### THE DATA:
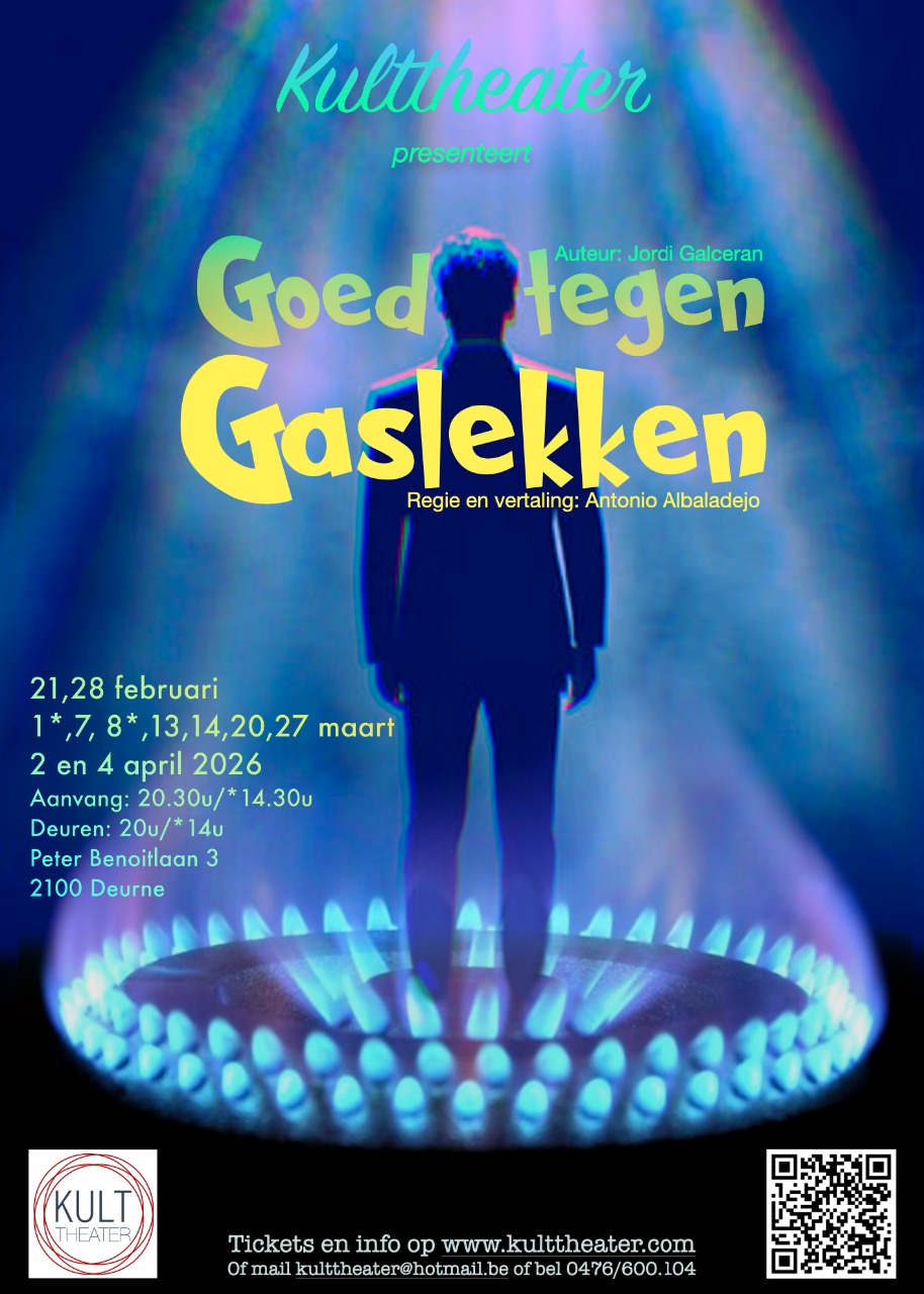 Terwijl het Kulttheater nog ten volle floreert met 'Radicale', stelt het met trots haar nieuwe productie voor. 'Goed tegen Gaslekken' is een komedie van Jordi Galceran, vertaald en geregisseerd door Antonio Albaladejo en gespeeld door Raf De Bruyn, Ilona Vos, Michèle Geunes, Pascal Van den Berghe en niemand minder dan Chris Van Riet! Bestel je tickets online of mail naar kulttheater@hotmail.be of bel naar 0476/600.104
---
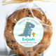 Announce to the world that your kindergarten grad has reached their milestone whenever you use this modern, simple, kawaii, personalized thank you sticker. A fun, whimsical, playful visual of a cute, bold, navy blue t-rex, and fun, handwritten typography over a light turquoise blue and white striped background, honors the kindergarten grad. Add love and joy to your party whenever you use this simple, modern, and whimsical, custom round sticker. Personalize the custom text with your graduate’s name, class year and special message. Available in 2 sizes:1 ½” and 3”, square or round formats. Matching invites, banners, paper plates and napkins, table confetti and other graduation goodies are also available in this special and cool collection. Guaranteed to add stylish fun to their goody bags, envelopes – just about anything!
...
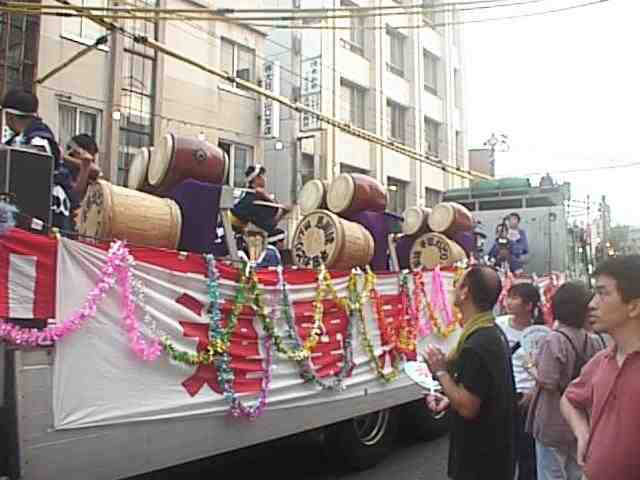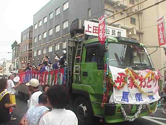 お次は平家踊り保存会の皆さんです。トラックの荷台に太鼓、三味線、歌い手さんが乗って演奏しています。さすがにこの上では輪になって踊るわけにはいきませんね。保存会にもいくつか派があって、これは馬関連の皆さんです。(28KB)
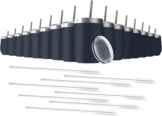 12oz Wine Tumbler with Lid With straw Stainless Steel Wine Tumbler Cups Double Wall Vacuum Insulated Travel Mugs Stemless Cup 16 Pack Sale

### WHAT YOU SHOULD DO:
Find the line with "お次は平家踊り保存会の皆さん" and the line with "12oz Wine Tumbler" in the records above. Copy both and all lines between them exactly, without pictures.

### EXPECTED OUTPUT:
 お次は平家踊り保存会の皆さんです。トラックの荷台に太鼓、三味線、歌い手さんが乗って演奏しています。さすがにこの上では輪になって踊るわけにはいきませんね。保存会にもいくつか派があって、これは馬関連の皆さんです。(28KB)
 12oz Wine Tumbler with Lid With straw Stainless Steel Wine Tumbler Cups Double Wall Vacuum Insulated Travel Mugs Stemless Cup 16 Pack Sale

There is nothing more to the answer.